GPU serving with vLLM¶
Deploy a model on a GPU and get an OpenAI-compatible endpoint. Scales to zero when idle.
The code¶
import openmodal
MODEL_NAME = "Qwen/Qwen3.5-0.8B"
vllm_image = (
openmodal.Image.from_registry("nvidia/cuda:12.8.1-devel-ubuntu24.04", add_python="3.12")
.entrypoint([])
.apt_install("git")
.uv_pip_install("vllm", "huggingface-hub==0.36.0",
extra_options="--extra-index-url https://wheels.vllm.ai/nightly")

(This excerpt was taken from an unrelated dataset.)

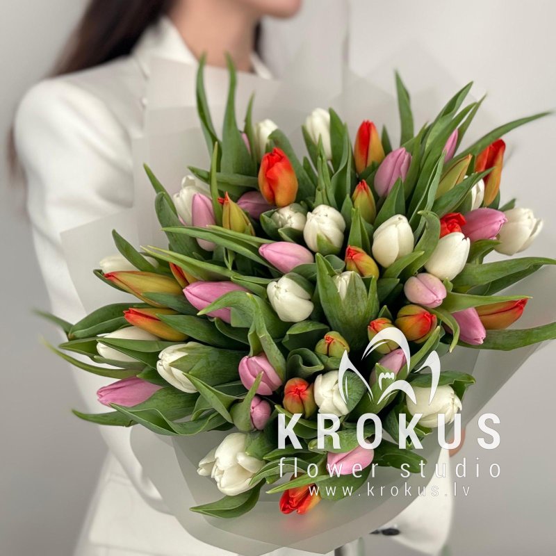 Krāsainu tulpju pušķis šis ir pušķis no svaigiem grieztiem ziediem. KROKUS - labākais ziedu interneta veikals, ziedu piegāde Rīga

.pip_install("transformers @ git+https://github.com/huggingface/transformers.git@main")
)
app = openmodal.App("vllm-test")
@app.function(
image=vllm_image,
gpu="H100",
scaledown_window=5 * 60,
timeout=10 * 60,
)
@openmodal.web_server(port=8000, startup_timeout=20 * 60)
@openmodal.concurrent(max_inputs=8)
def serve():
import subprocess
subprocess.Popen([
"vllm", "serve", MODEL_NAME,
"--host", "0.0.0.0", "--port", "8000",
"--served-model-name", MODEL_NAME,
"--max-model-len", "4096",
"--enforce-eager",
])
Deploy¶
OpenModal builds the image, provisions a spot GPU, starts vLLM, and gives you an endpoint:
openmodal deploy: vllm-test
building image...
creating container (H100)...
waiting for healthy...
serve => http://104.155.171.209:8000
deploy complete.
Query¶
curl http://104.155.171.209:8000/v1/chat/completions \
-H "Content-Type: application/json" \
-d '{"model":"Qwen/Qwen3.5-0.8B","messages":[{"role":"user","content":"What is 2+2?"}],"max_tokens":16}'
Works with any OpenAI client:
from openai import OpenAI
client = OpenAI(base_url="http://104.155.171.209:8000/v1", api_key="unused")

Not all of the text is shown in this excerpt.